━━━ Exercise data

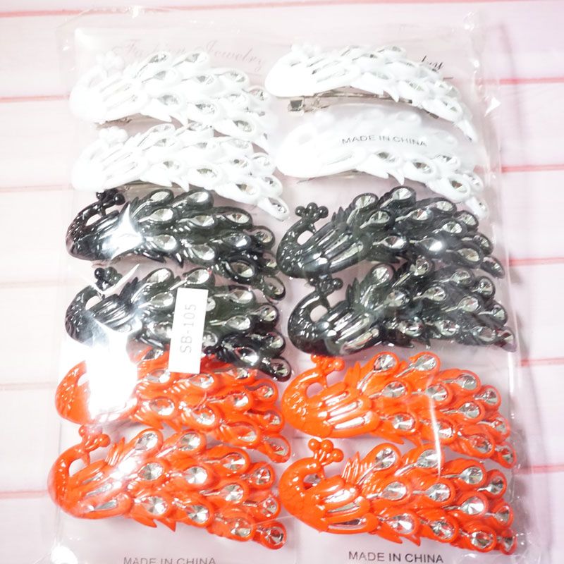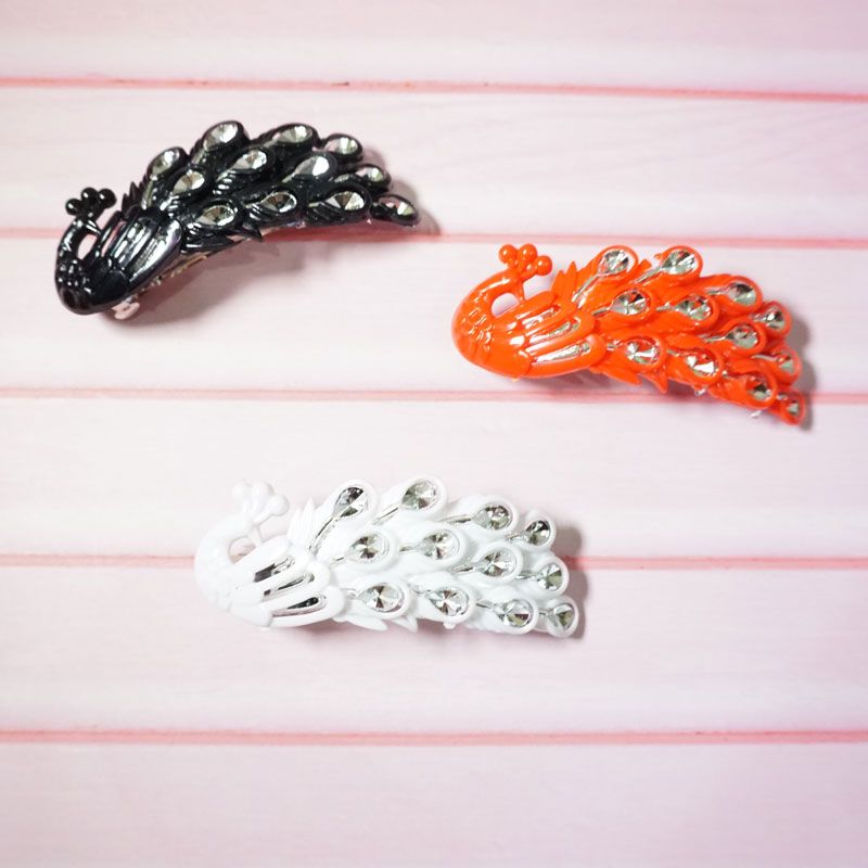 Jepit rambut dengan desain burung merak dan memiliki 3 macam warna
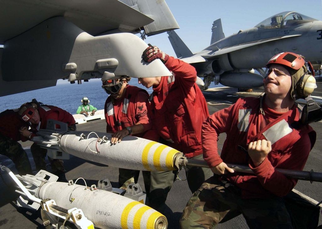 At the same time ordnance crews strap bombs onto jets according to the load plan published by Strike Operations.
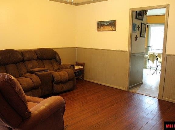 2 bedroom 1 bath with large laundry/office on approx 3.25 acres of mixed grass & timber. Covered, full length front country sitting porch. Open back sundeck overlooks pretty valley view. Private and secluded but neighbors are just out of sight. Mixed shade and sun. Plenty of space for gardens. Fenced dog yard, 2 car carport. Major updates include newer steel roof, and heating & cooling. About a mile on gravel & approx. 5 miles to town. Creek runs most of year.
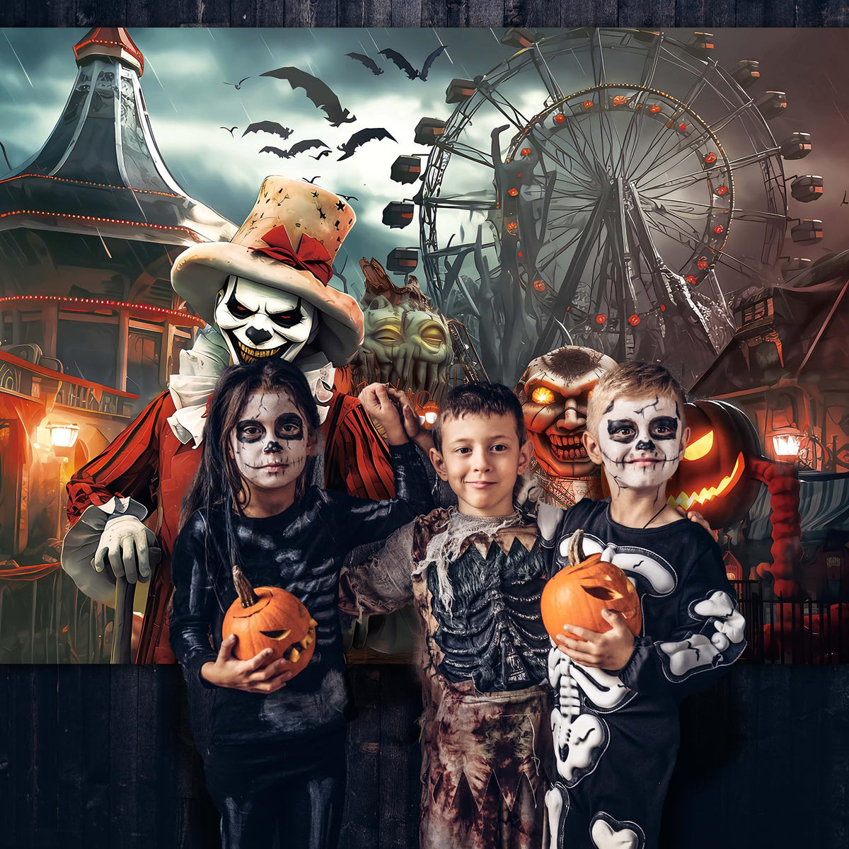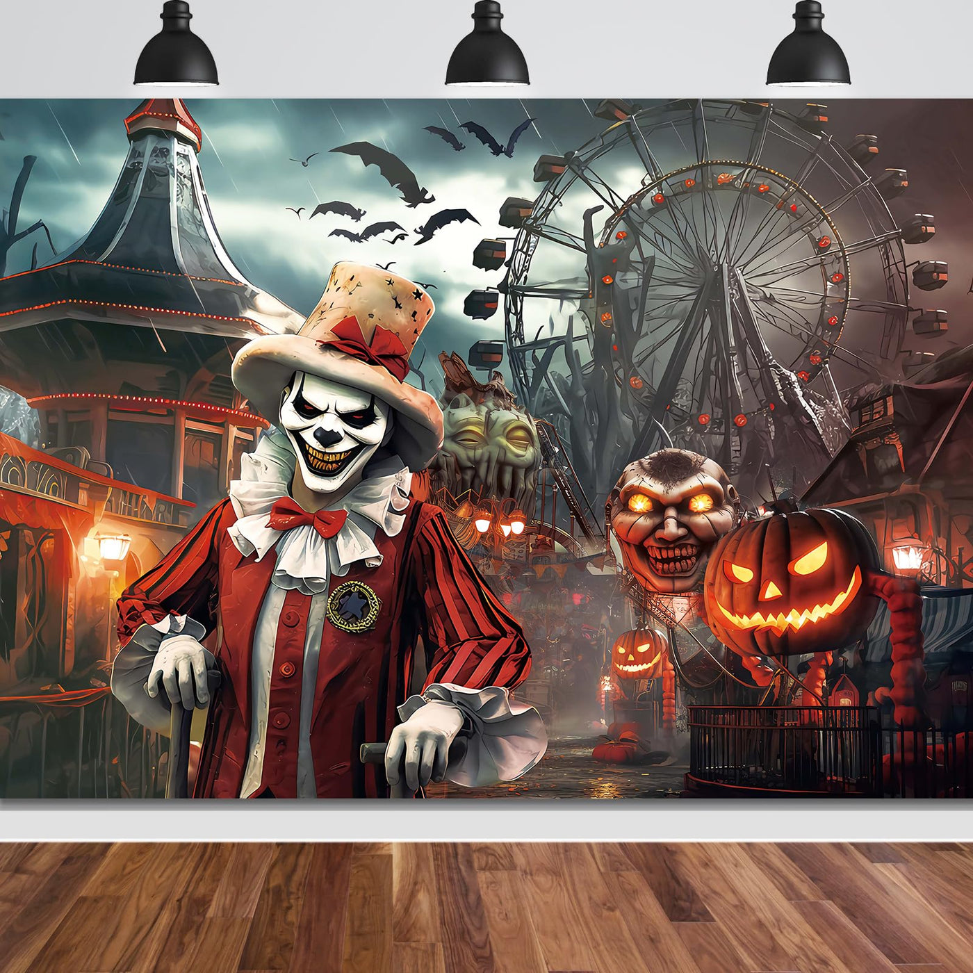 Q: What size is the Horror Circus Halloween Backdrop?A: The Horror Circus Halloween Backdrop measures 7x5 feet (84x60 inches), making it an ideal size for various party decorations and photo booth setups.

━━━━━━

◆ **What you have to do**
Would you please output only the lines from the start of the material above up to and including the line with "At the same", exactly as they appear and without pictures?

◆ **Written solution**
 Jepit rambut dengan desain burung merak dan memiliki 3 macam warna
 At the same time ordnance crews strap bombs onto jets according to the load plan published by Strike Operations.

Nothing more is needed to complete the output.